CSW
United Nations Commission
on the Status of Women (ECOSOC)
★★⭐︎ – Intermediate
Topic A: Addressing Violence against women: The Elimination of female genital mutilation
In a world where power and choice are determined by gender, millions of girls are robbed of their childhoods, education, health, and aspirations every day by the harmful practices of female genital mutilation (FGM).
Even though the UN has defined the goal to end FGM by 2030, the pandemic has been increasing the practice recently. In 2021, 4.6 million girls and women around the world are at risk of genital mutilation. Without action, by 2030 we could see as many as 2 million FGM cases in around 90 countries that could otherwise have been avoided. FGM is mostly carried out on girls under the age of 15 and can cause severe mental and physical health damages.
Though no religious scripts prescribe the practice, practitioners often believe the practice has religious support. FGM is also deeply rooted in social conventions and cultural traditions and is often carried out in the belief that it will increase a girls’ marriageability or ensure premarital virginity. That is why it often goes hand in hand with early child marriage.
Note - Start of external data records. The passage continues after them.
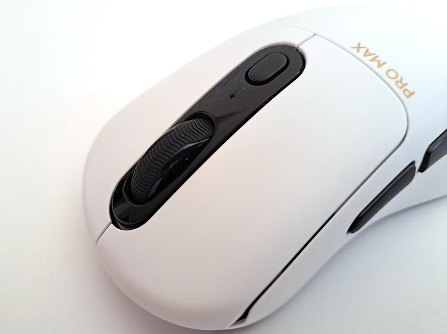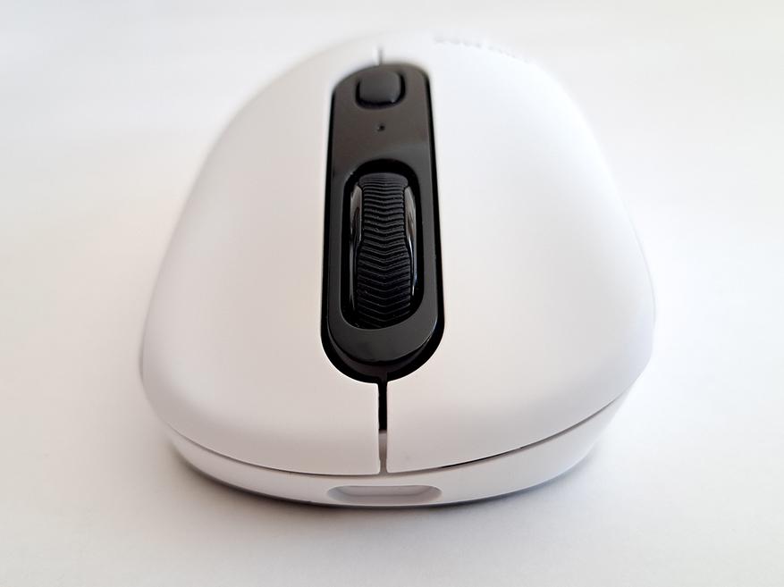 Спереди расположено колесико с цепкой накаткой. Колесико работает на основе энкодера Kailh. Колесико прокручивается с легким треском, усиливающимся при увеличении скорости скролла.
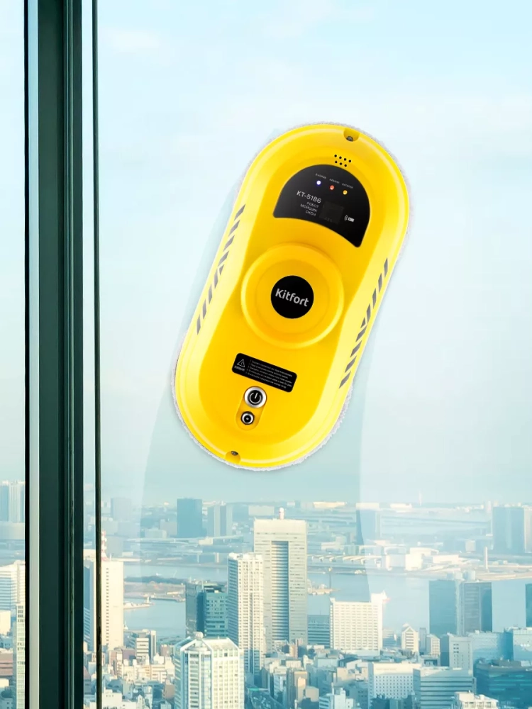 Робот Kitfort КТ-5186 предназначен для мытья стеклянных, кафельных и зеркальных поверхностей. Устройство оснащено вентилятором, который создает разрежение между дном робота и очищаемой поверхностью, благодаря чему робот удерживается на гладкой вертикальной поверхности. К двум держателям тряпок на дне робота крепятся чистящие тряпки, которые идут в комплекте. Тряпки оттирают и впитывают грязь. Прибор укомплектован страховочным тросом, поэтому вы можете использовать робот для высоких или широких окон. На случай внезапного отключения электричества робот снабжен резервной системой питания, которая будет удерживать робота на окне около 20 минут.
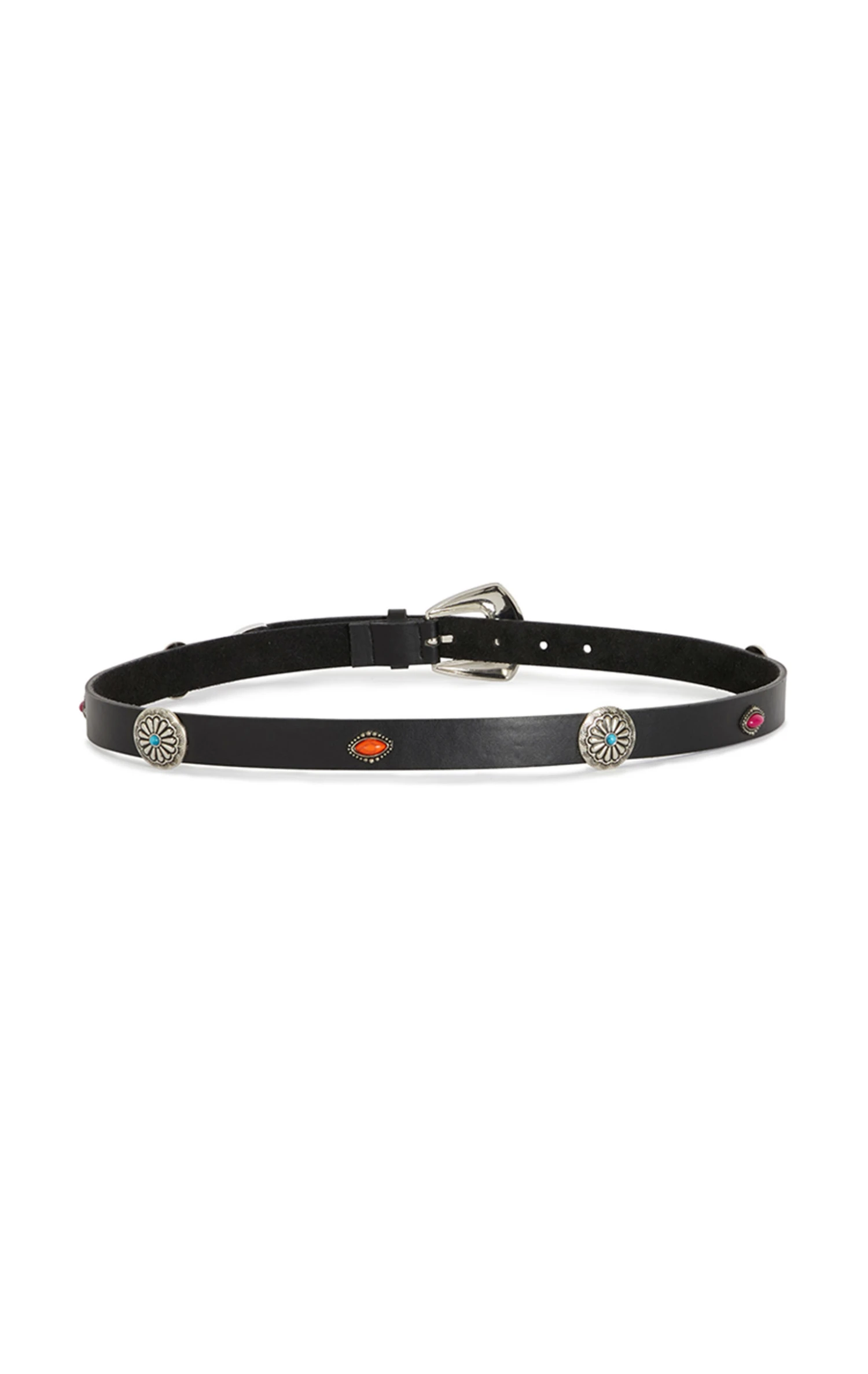 La ceinture pour faire blouser vos robes sexy, ou ajuster vos shorts minis! D’inspiration amérindienne, adoptez notre ceinture noire avec une boucle travaillée très Navajo, ornée d’une fausse turquoise en résine sur le dessus. Ponctuée de clous métalliques parés d’une pierre centrale tour à tour orange, rouge, turquoise, elle nous assure un look revisité très vintage.
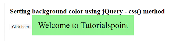 第一種方法是 CSS() 方法,該方法用於將 CSS 屬性設定為 HTML 元素。我們也可以使用此方法來設定元素的背景顏色。為此,我們可以將 CSS 屬性名稱和值作為引數傳遞。
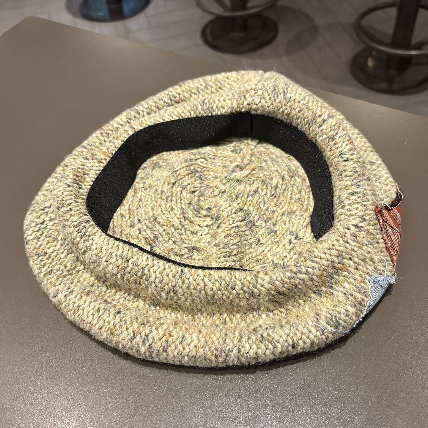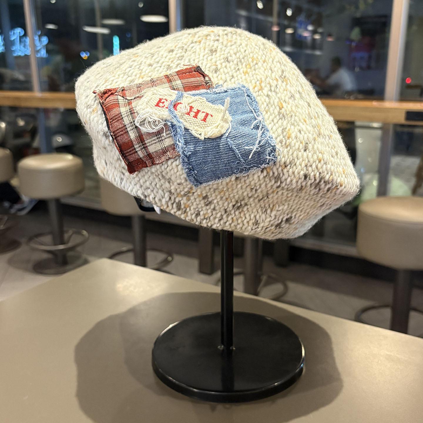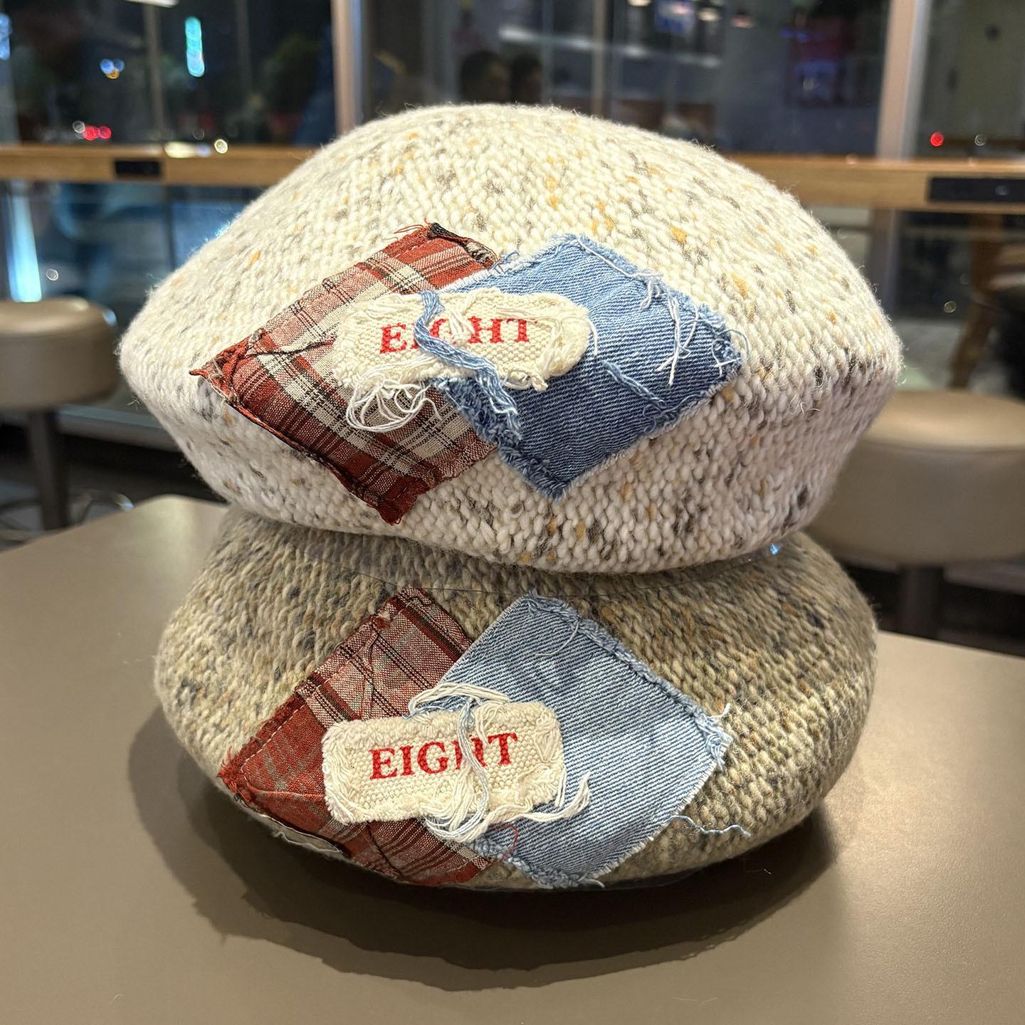 Boina de lana nueva japonesa retro de otoño e invierno, estilo artístico informal, combinable, para pintor, con parche de color.
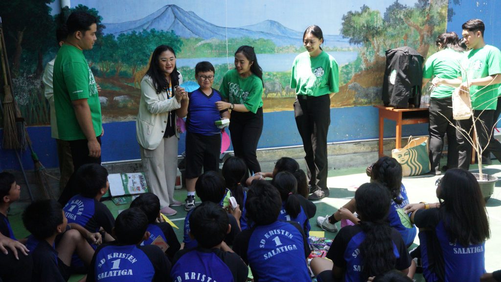 Atmosfer penuh semangat dan keceriaan kental terasa dalam kegiatan edukatif yang digelar oleh Program Studi (Prodi) Pendidikan Guru Sekolah Dasar (PGSD) Fakultas Keguruan dan Ilmu Pendidikan (FKIP) Universitas Kristen Satya Wacana (UKSW) bersama Starbucks Salatiga di Sekolah Dasar (SD) Kristen 1 Salatiga, Jumat (06/09/2024).
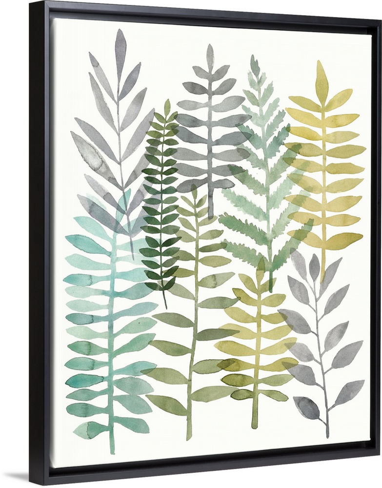 <p>Watercolor painting of stalks of long frond of leaves.</p>
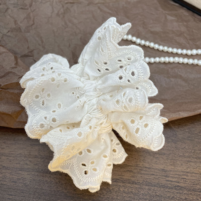 趙魯思と同じスタイルの清潔でレトロな雰囲気のフランスの重刺繍レースベージュヘアリングと中空ヘッドフラワー
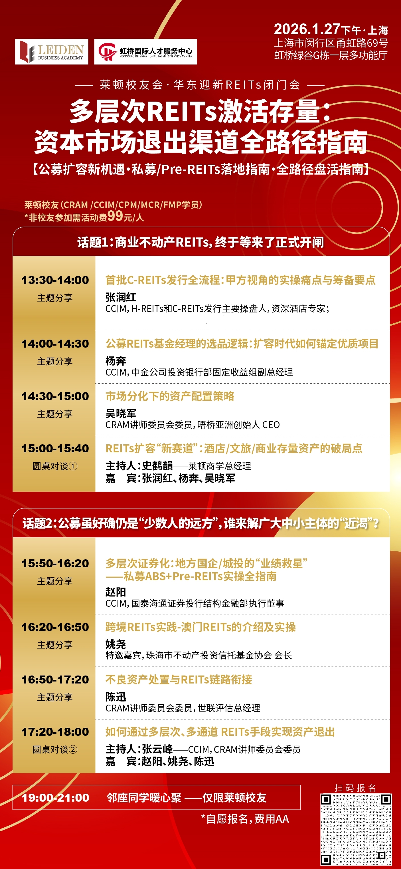 莱顿校友会2026华东迎新REITs闭门会/2026/1/27上海
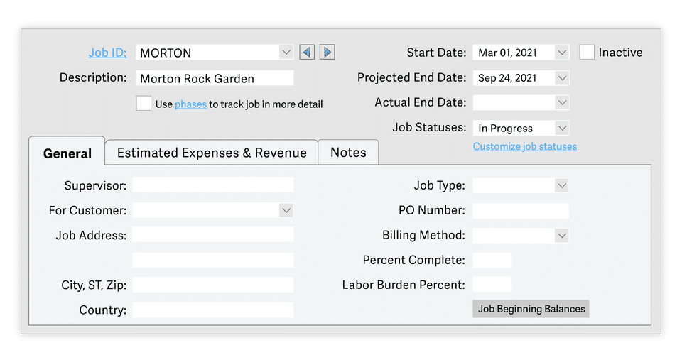 - Advanced job costing (by phase an
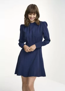 Sukienka damska w kolorze granatowym. Długie, bufiaste rękawy, stójka przy dekolcie oraz rozkloszowany dół sprawia, że model prezentuje się wyjątkowo i dziewczęco. Fantastycznie sprawdzi się w wielu codziennych stylizacjach. kolor granatowy krój rozkloszowany rękawy długie, mankiety zapinane na guzik dekolt ze stójką marszczenie w talii model wkładany przez głowę z zapięciem z tyłu, przy szyi długość przed kolano Nasza modelka ma 172 cm wzrostu i nosi rozmiar XS. Skład: 90% wiskoza, 10% poliester
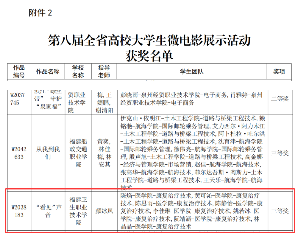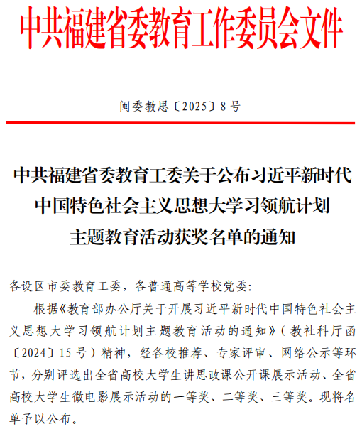 日前,由中共福建省委教育工作委員會主辦的習(xí)近平新時代中國特色社會主義思想大學(xué)習(xí)領(lǐng)航計劃系列主題活動獲獎名單揭曉,我校學(xué)生陳焰、黃可沁、陳思雨、陳靜怡、李佳琳、姚若冰、阮靖涵、林晶晶的微電影作品《“看見”聲音》獲得第八屆全省高校大學(xué)生微電影展示活動三等獎,指導(dǎo)老師為顏冰鳳。
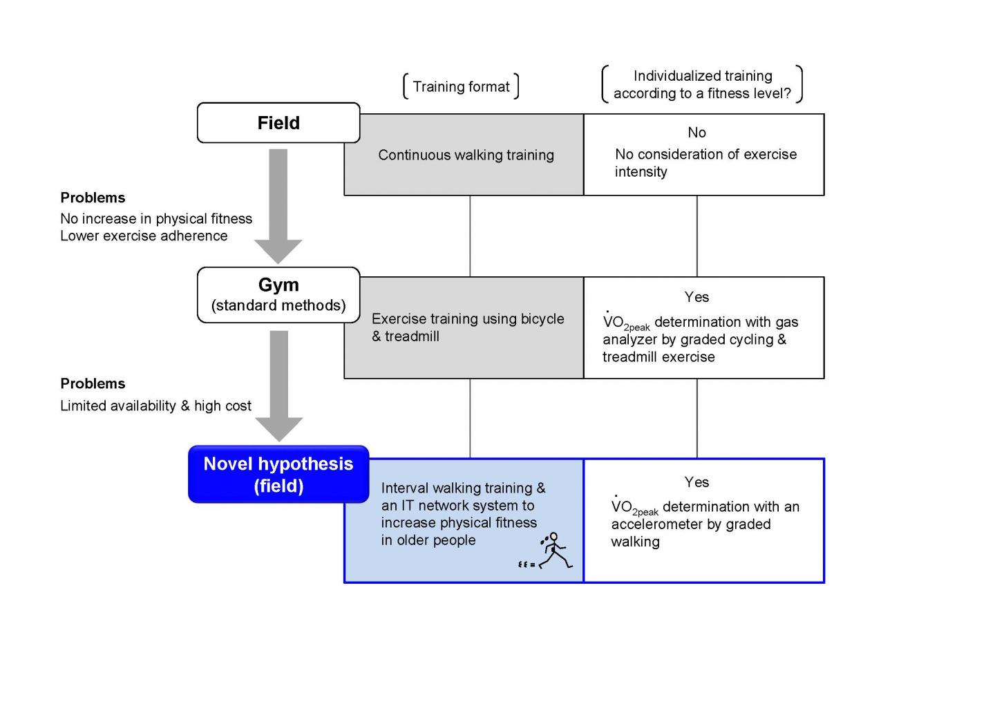 The team developed a training system using the internet of things (IoT) to motivate and track the exercise intensity levels of the trainees. The team found that with five months of training, a group with an average age of 63 were able to increase their physical fitness back to a level 10 years younger than they previously scored before the exercise protocol. Expensive machines and gyms are not necessary to achieve these results. With the use of triaxial accelerometer and the "3-step step-up walking method", researchers are able to measure physical fitness accurately and monitor exercise intensity during training. The method to increase physical fitness to a level 10 years younger utilizes the IWT, to walk at a speed of more than 70% of maximum effort for 3 minutes, and switch to a 40% capacity for another 3 minutes and repeat. To increase physical fitness, the key is the amount of time spent walking at a level of 70% or more, which the walker feels is sufficiently strenuous.
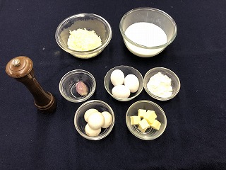 鍋にバターを熱して、そこに小麦粉を加える。粉気がなくなるまで焦がさないようにしっかり炒めたら牛乳を加える。牛乳に濃度がついたらグリュイエールチーズと卵黄を加えて手早く混ぜ合わせる。
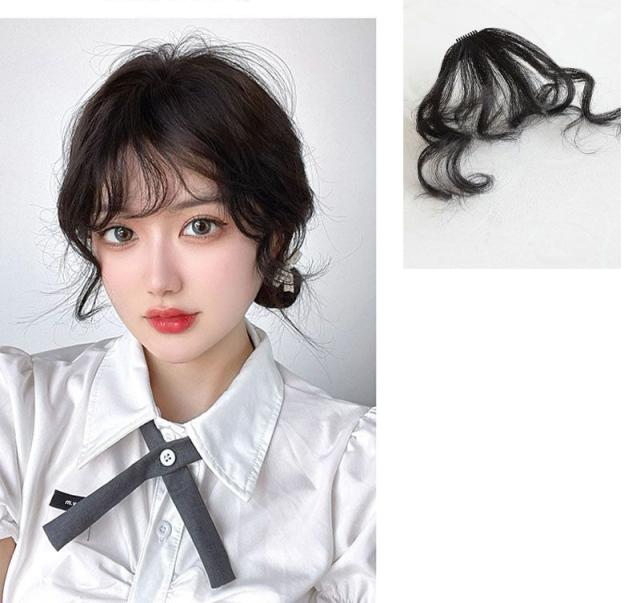 送料無料 前髪 ウィッグ 部分 ゆるカール 部分ウィッグ ポイントウィッグ つけ毛 付け毛 エクステ かつら 普段使い 和装 黒髪 前髪は軽く流せるエクステ
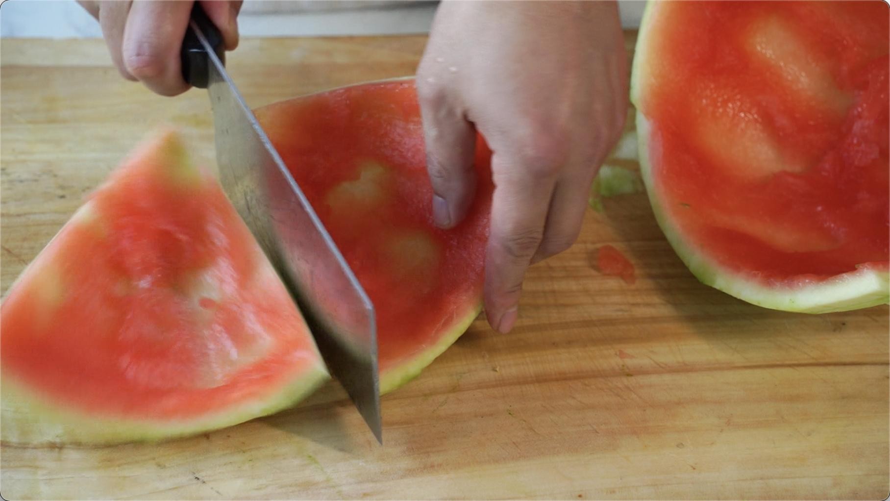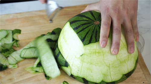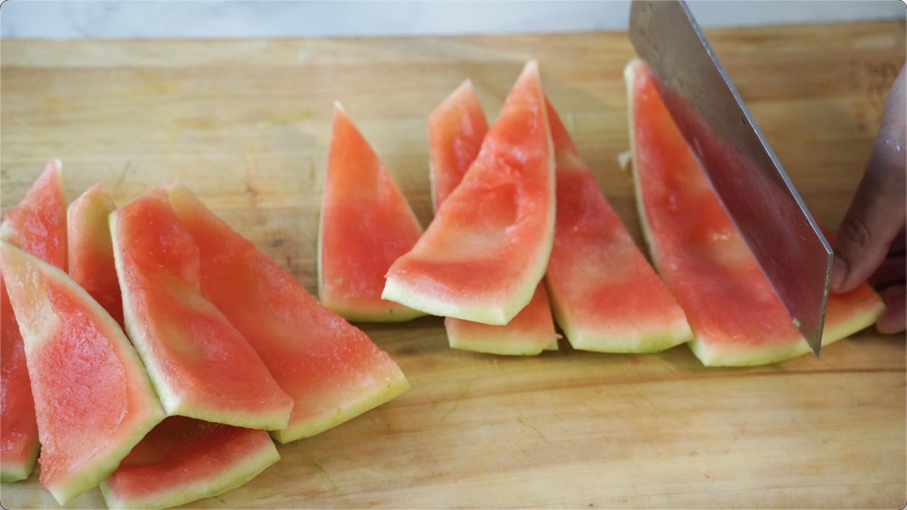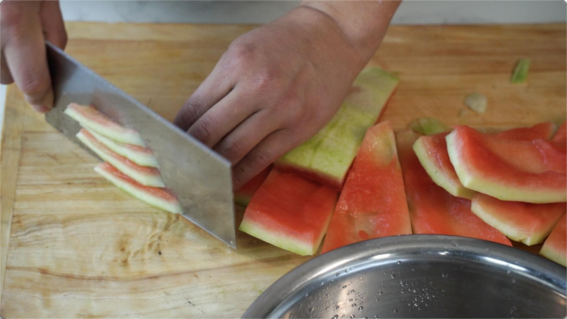 瓜皮要带少许瓜肉,去外皮。瓜肉甜,连带瓜皮的地方是脆爽,搭配一起,口感丰富。还有就是如果不是马上吃,建议用保鲜盒装好放入冰箱,天气热,切开的西瓜容易变质。西瓜皮要挑选肉厚,脆爽的西瓜皮。
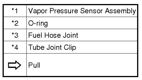 * If the fuel hose joint and vapor pressure sensor are stuck, carefully try wiggling or pushing and pulling on the vapor pressure sensor to release it. Pull the sensor off the fuel hose joint carefully.

Changing social norms that sustain harmful practices such as FGM does not only entail enacting laws to protect women from FGM but also enforcing these laws, tackle the community and family pressure and finding alternatives for practitioners to solve their financial challenges. Efforts to attend to the needs of women and girls who suffer from the consequences of FGM are needed as well as more sexual education.
The Commission on the Status of Women – the UN organ for promotion of Gender Equality and the Empowerment of Women – meets in Dresden this year to initiate coordinated and systematic programs for eliminating FGM.
Topic B: Targeting Gender Equality: Creating a path to paid care work
From cooking and cleaning, to fetching water or taking care of children and the elderly, women carry out at least two and a half times more unpaid domestic and care work than men. As a result, they are less able to engage in (high quality) paid labor, escape poverty, be financially independent and accumulate savings, assets, or retirement income for their later years. It also means less time for schooling, training and political participation.
Women’s unpaid work is essential for the social and economic stability of societies as it is valued to be 10 to 39 percent of the gross domestic product (GDP). Yet it was until very recently not considered an ‘economic activity’, nor counted as part of the GDP.
Gender inequality in the division of unpaid care work is an issue regardless of region or income level, but the severity of the disparity differs.
The unequal distribution of unpaid care work has increased during the pandemic, further constraining women’s access to employment and impacting physical and mental health stressors.
The Challenge to recognize and redistribute unpaid care work has many possible solutions such as enforcing policies that provide services, social protection, and basic infrastructure, promote sharing of domestic and care work between men and women, and create more paid jobs in the care economy. Another approach would be to change the concept of care in law to a”right to care”, like Uruguay did in its “Care Act”.
It is up to the elbMUN Commission on the Status of Women in Dresden 2022 to debate and decide in which way gender equality can be accomplished.